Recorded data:
——————————
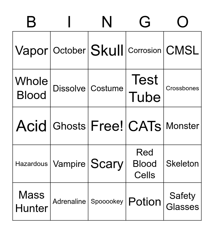 This bingo card has a free space and 51 words: Beaker, Safety Glasses, Witch, Spooookey, Vampire, Plasma, October, Spider, Whole Blood, Mass Spec, Dissolve, Corrosion, Skeleton, Red Blood Cells, Sciex, ECU-plasm, Costume, CATs, Cortisol, CMSL, Ghosts, Potion, Vapor, Test Tube, ION, ZONI, Crossbones, Zombie, Mass Hunter, Skull, Lazarus, Pumpkin, Mummy, !, Voltage, Adrenaline, Flammable, BATS, Specimen, Geralt, Monster, Hazardous, Toxic, Chemicals, Gloves, Halloween, Acid, Contamination, Poison, Scary and Sully.
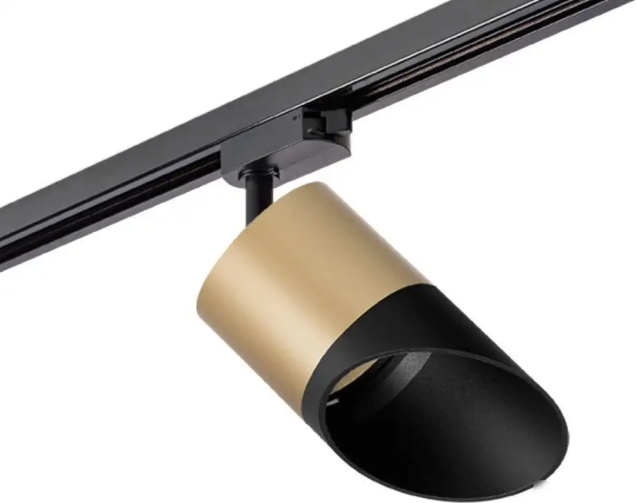 трековый светильник, плафон золотистый/черный (металл), каркас черный
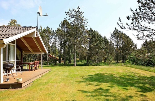 Casa de vacaciones con bañera de hidromasaje y sauna situada justo al lado del popular campo de golf Hvide Klit. La casa está bien amueblada con una gran cocina / comedor, donde toda la familia puede disfrutar y desde el comedor se puede seguir la rica vida salvaje que se encuentra en la zona. Desde el salón se accede a la terraza, que está parcialmente cubierta, para poder disfrutar de las cálidas tardes de verano. Hay un juego de columpios y un trampolín (se usa bajo su propio riesgo / seguro). Hay buenos dormitorios y un gran baño con jacuzzi y sauna.
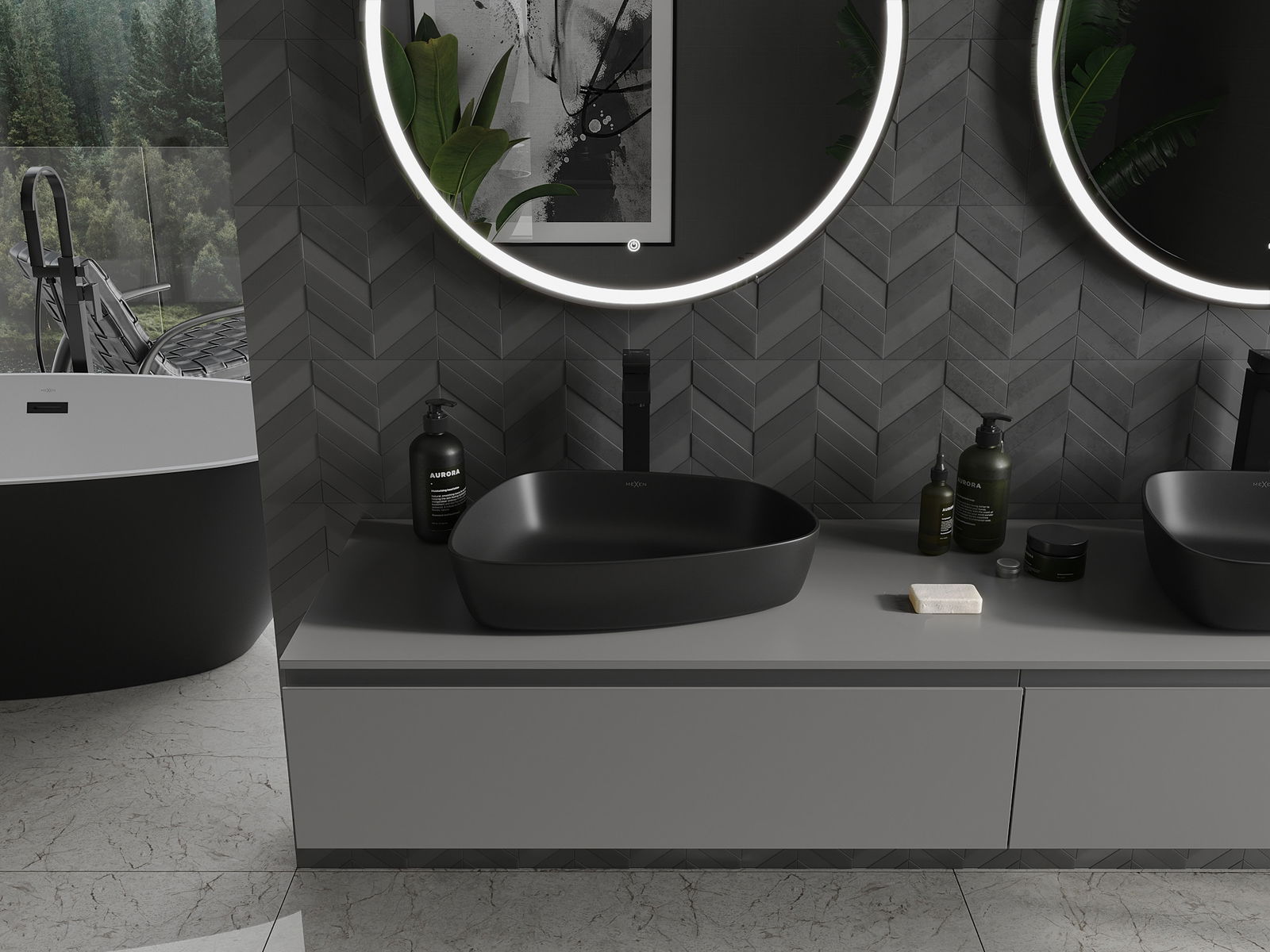 Matný povrch keramiky dokonale podtrhuje charakter barvy produktu, dodává mu jedinečnou a výraznou povrchovou úpravu. Jemná struktura matné keramiky přináší do koupelny eleganci, čímž vytváří estetický prostor.
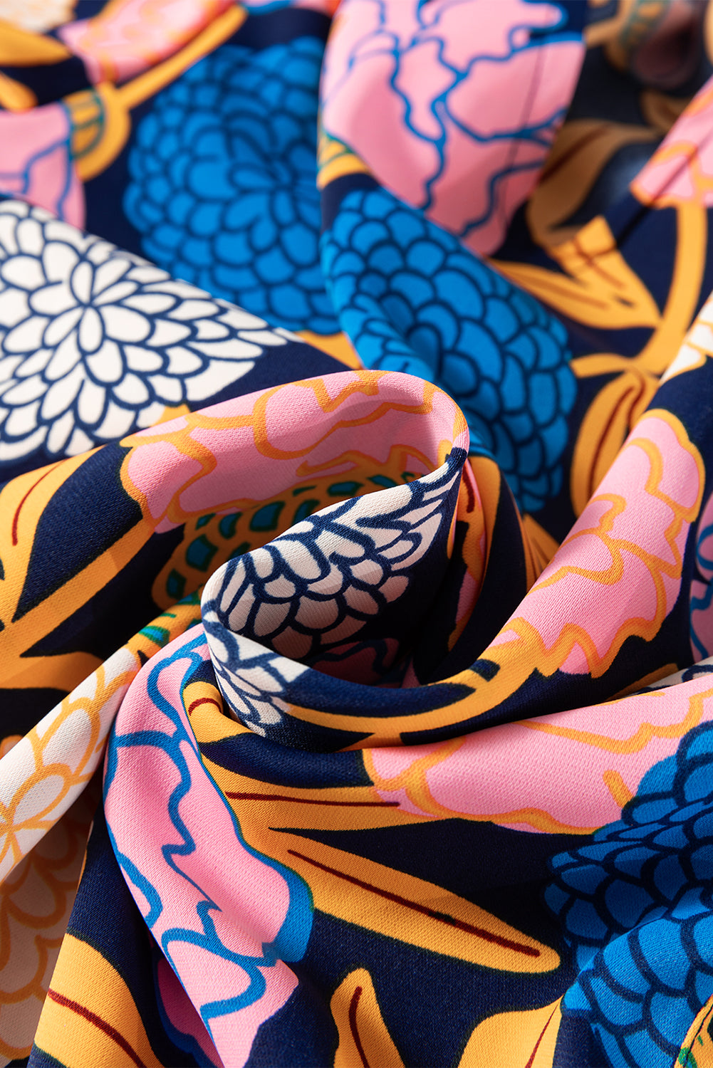 Navy Blue Hydrangea Floral Print Bishop Sleeve V Neck Shift Dress
——————————
#### [WHAT YOU SHOULD DO]
In the records above, find the line with "Casa de vacaciones" and copy from it through the last line exactly, without the pictures.

#### [EXERCISE SOLUTION]
 Casa de vacaciones con bañera de hidromasaje y sauna situada justo al lado del popular campo de golf Hvide Klit. La casa está bien amueblada con una gran cocina / comedor, donde toda la familia puede disfrutar y desde el comedor se puede seguir la rica vida salvaje que se encuentra en la zona. Desde el salón se accede a la terraza, que está parcialmente cubierta, para poder disfrutar de las cálidas tardes de verano. Hay un juego de columpios y un trampolín (se usa bajo su propio riesgo / seguro). Hay buenos dormitorios y un gran baño con jacuzzi y sauna.
 Matný povrch keramiky dokonale podtrhuje charakter barvy produktu, dodává mu jedinečnou a výraznou povrchovou úpravu. Jemná struktura matné keramiky přináší do koupelny eleganci, čímž vytváří estetický prostor.
 Navy Blue Hydrangea Floral Print Bishop Sleeve V Neck Shift Dress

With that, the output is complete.